── DATA BELOW ──

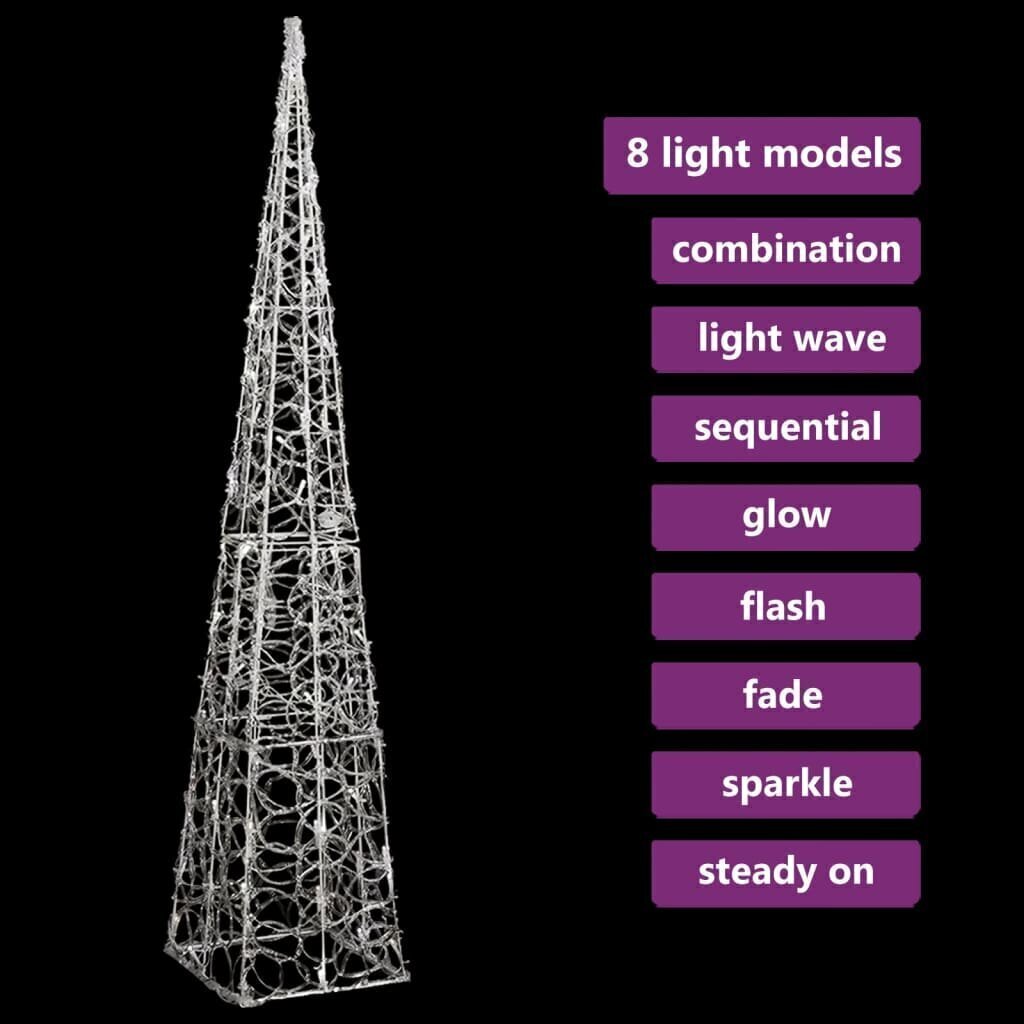 Su šiuo LED lemputėmis apšviestu kūgiu per Kalėdas galite viduje ir lauke sukurti jaukią bei šventišką atmosferą. Šio dekoratyvaus šviečiančio kūgio korpusas yra pagamintas iš akrilo, kuris suteikia jam prabangios, į ledą panašios blizgios išvaizdos ir apšviečia aplink jį esančią zoną. Pasižymintis energiją tausojančiomis LED lemputėmis, jis užtikrina ryškų bei galingą apšvietimą. Jis turi 8 skirtingus švietimo režimus: kombinuotą, banguojantį, nuoseklų, lėtai mirksintį, mirksintį, lėtai išblunkantį, mirgantį ir nepertraukiamai šviečiantį. Ši graži kalėdinė dekoracija šviečiantis kūgis ir pridėtas baterijų skyrius yra atsparūs vandeniui, tad gaminys yra tinkamas tiek naudojimui viduje, tiek lauke.
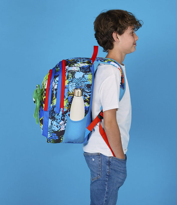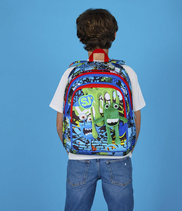 Ciao! Sono il sorprendente zaino Advanced SJ GANG dotato di PELUCHE con OCCHI ALLUNGABILI, pronto ad accompagnarti a scuola in modo divertente e spensierato! Lo schienale e gli spallacci di cui sono dotato mi rendono comodo da indossare sulle spalle, mentre il fondo integrato permette alla mia struttura di rimanere inalterata anche a pieno carico. Nel mio ampio doppio scomparto c’è posto per tutto quello che ti serve durante la giornata e ho anche una tasca laterale dove puoi mettere la tua borraccia.
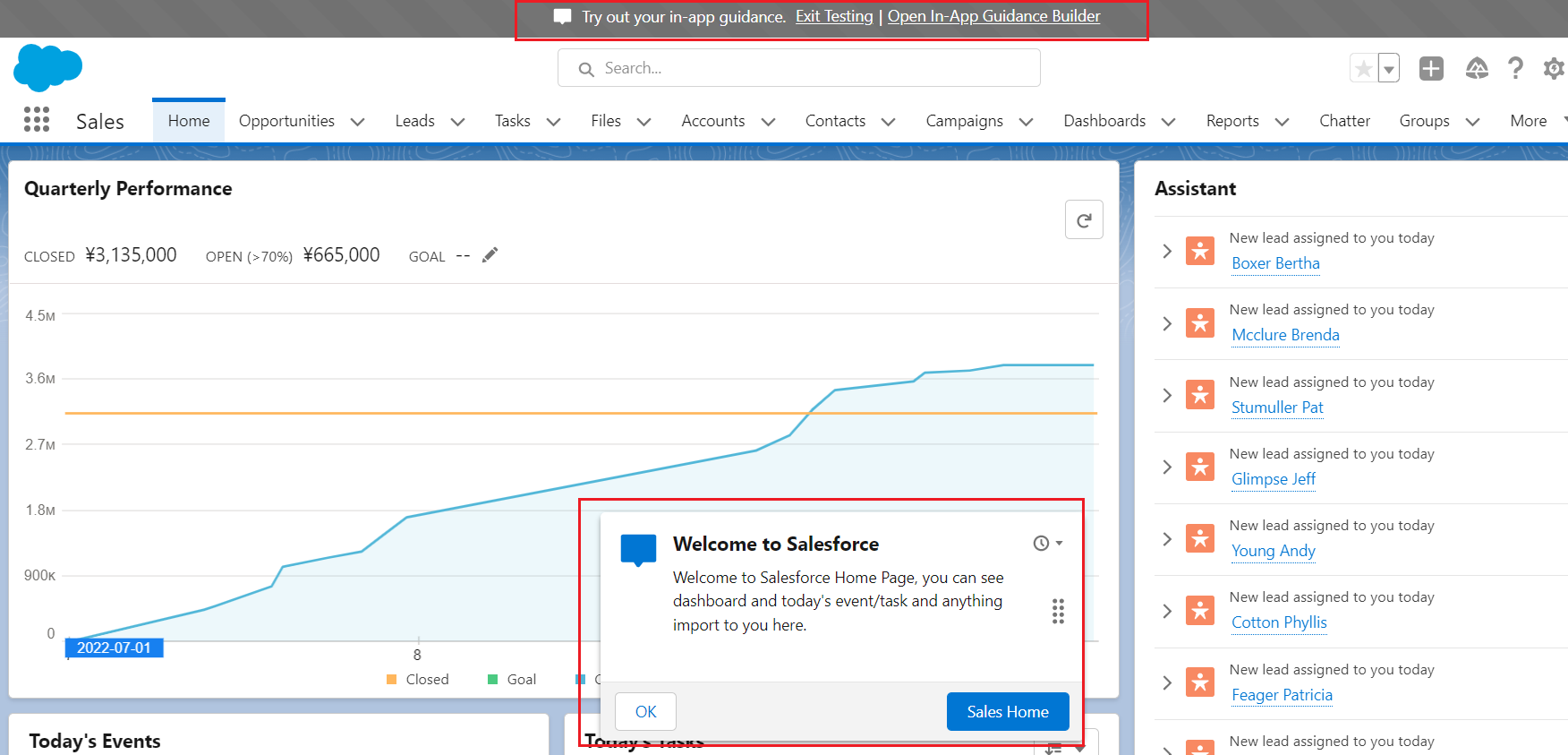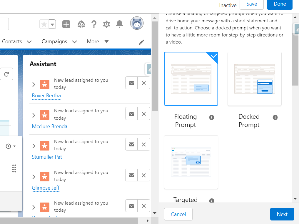 Targeted:可以把目标提示放在可定位的页面元素上。通过在元素周围的12个位置中进行选择,进一步定制相对于你所选元素的位置和排列。或者使用智能定位,让Salesforce根据用户的页面配置来确定最佳位置。下图是 Targeted的demo。
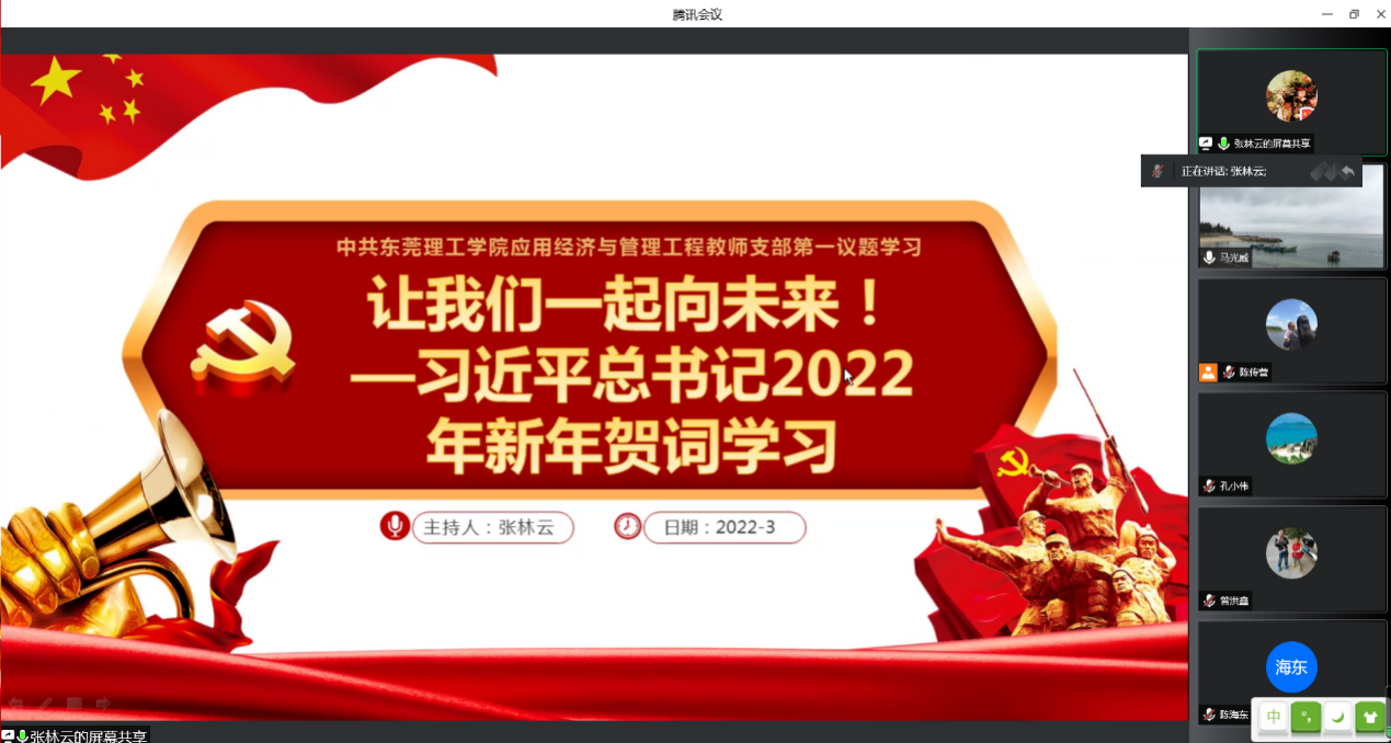2022年3月17日,经济与管理学院应用经济与管理工程教师党支部召开线上党员会议,学习习近平总书记2022年新年贺词。

───

## WHAT THIS TASK INVOLVES
Here the lines from the one with "Targeted:可以把目标" through the last line of the data above need to be repeated exactly, both included, and any picture omitted.

## RESULT OF THE EXERCISE
 Targeted:可以把目标提示放在可定位的页面元素上。通过在元素周围的12个位置中进行选择,进一步定制相对于你所选元素的位置和排列。或者使用智能定位,让Salesforce根据用户的页面配置来确定最佳位置。下图是 Targeted的demo。
2022年3月17日,经济与管理学院应用经济与管理工程教师党支部召开线上党员会议,学习习近平总书记2022年新年贺词。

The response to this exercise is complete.